Tuesday, May 6, 2008

Heroes happened in Nashville!

I happened to be in Nashville last week for a Microsoft conference HEROES happen {here} (if I put the correct name maybe I get indexed nicely by Google). I accidentally got in the middle of the geekiest crowd I will ever get caught, talking about Windows Servers, Visual Studio and SQL Server 2008. Because I actually went to Nashville for the 70 kinds of beer, Jack Daniels (who lives there, I was told) and the live country music. Instead I got about 8 hours of talking and a bunch of free software. Neat!

I am no programmer or anything as dangerous and I still had lots of fun. Watching the whole event as an outsider I came to think about what this Microsoft phenomenon is about. Everybody present there hates their products. But they are there, even though mostly for the free software. It’s very interesting Microsoft relationship with their most important customers. The conferences Microsoft organizes for any reason all over the country (and probably around the world) targeted towards IT professionals, developers, and such. They are the early adopters and the influencers; they ultimately decide who’s going to use which program. They set the trend. So they get the free software. They will get the crack somewhere on the Internet anyway...

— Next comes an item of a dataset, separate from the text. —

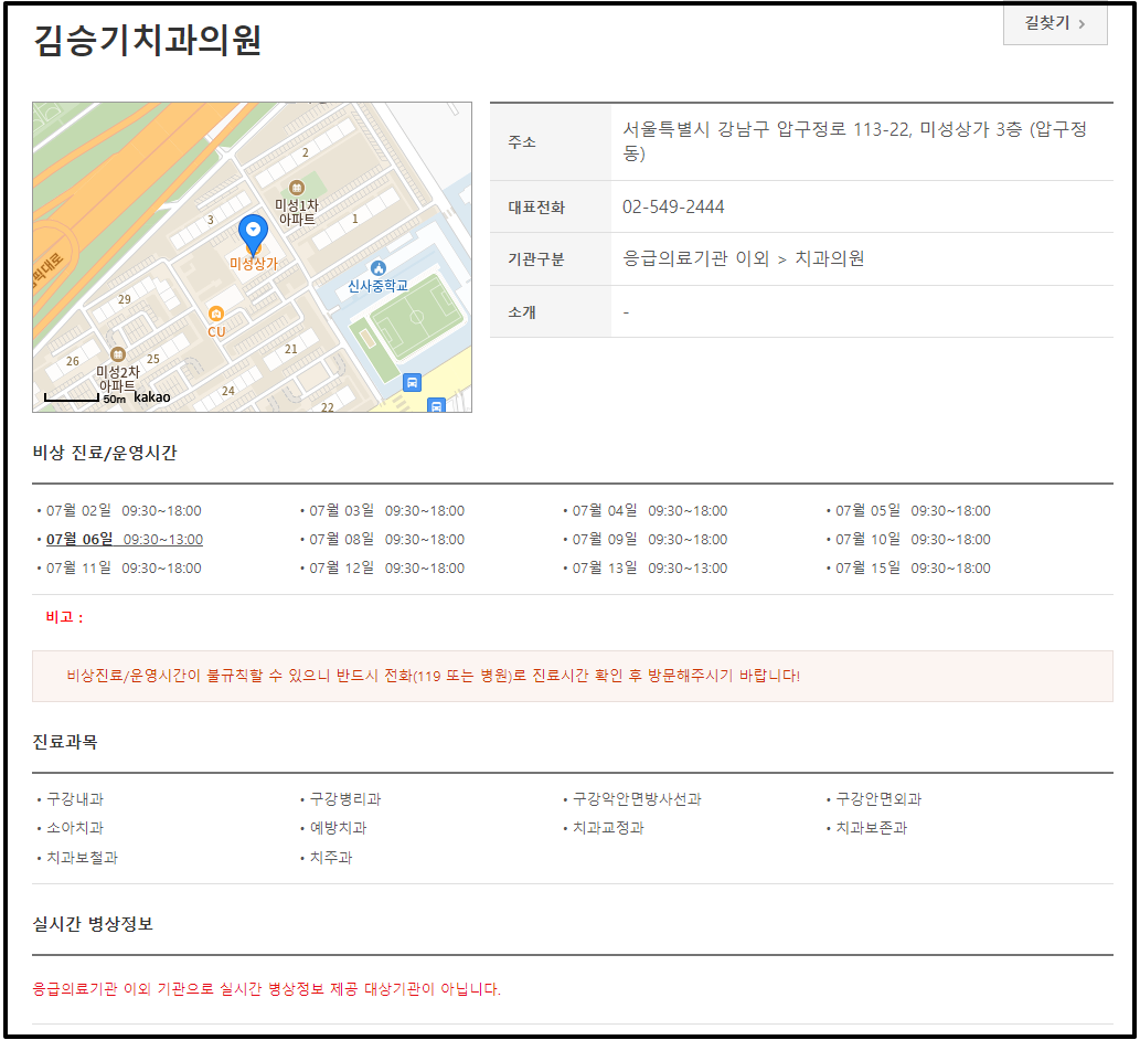 병의원 검색목록의 가장 상단에 있는 김승기치과의원의 상세보기를 클릭하면 소개 페이지로 이동한다. 압구정동 미성아파트 상가에 위치하고 있으며 전화번호와 비상 진료 및 운영시간을 알 수 있다.

The other thing that makes me like Microsoft is how natural and genuine they brag about their new breakthrough and breathtaking new technology that is not new at all. Their tactic of rebranding stuff that’s been around for awhile and more importantly to convince the world to buy that stuff amazes me again and again. To paraphrase one of the speakers during a Visual Studio demonstration: It’s magical, it works!

Speaking of Visual Studio, Microsoft says that the next generation of web apps will be faster and easier to develop, more efficient, and a damn-awesome user experience. My friend who’s not only a computer genius but a wise computer genius stated that what Microsoft wants is to make everybody programming without writing any code.

I don’t know much about computers, I ain’t no Master of Windows, but I think Microsoft has a marketing strategy to look up to and take notes from. Their software? Maybe the geeky speaker was right commenting his colleague demonstration: I think you just proved your code sucks?


James Moore said...

Interesting view on series of interesting dichotomies.

Miky said...

I couldn't agree more! I think you forgot to mention a little something about how Microsoft prepares us for the future of programming without writing code: The D&D (Drag & Drop) Way.

After all, aren't they the ones who really put the Mouse in the hands of computer users, and put the Keyboard to shame (with it's only 3 relevant keys: Ctrl, Alt & Delete)

Anyways, you should check out Joel Spolsky's Architecture Astronauts post!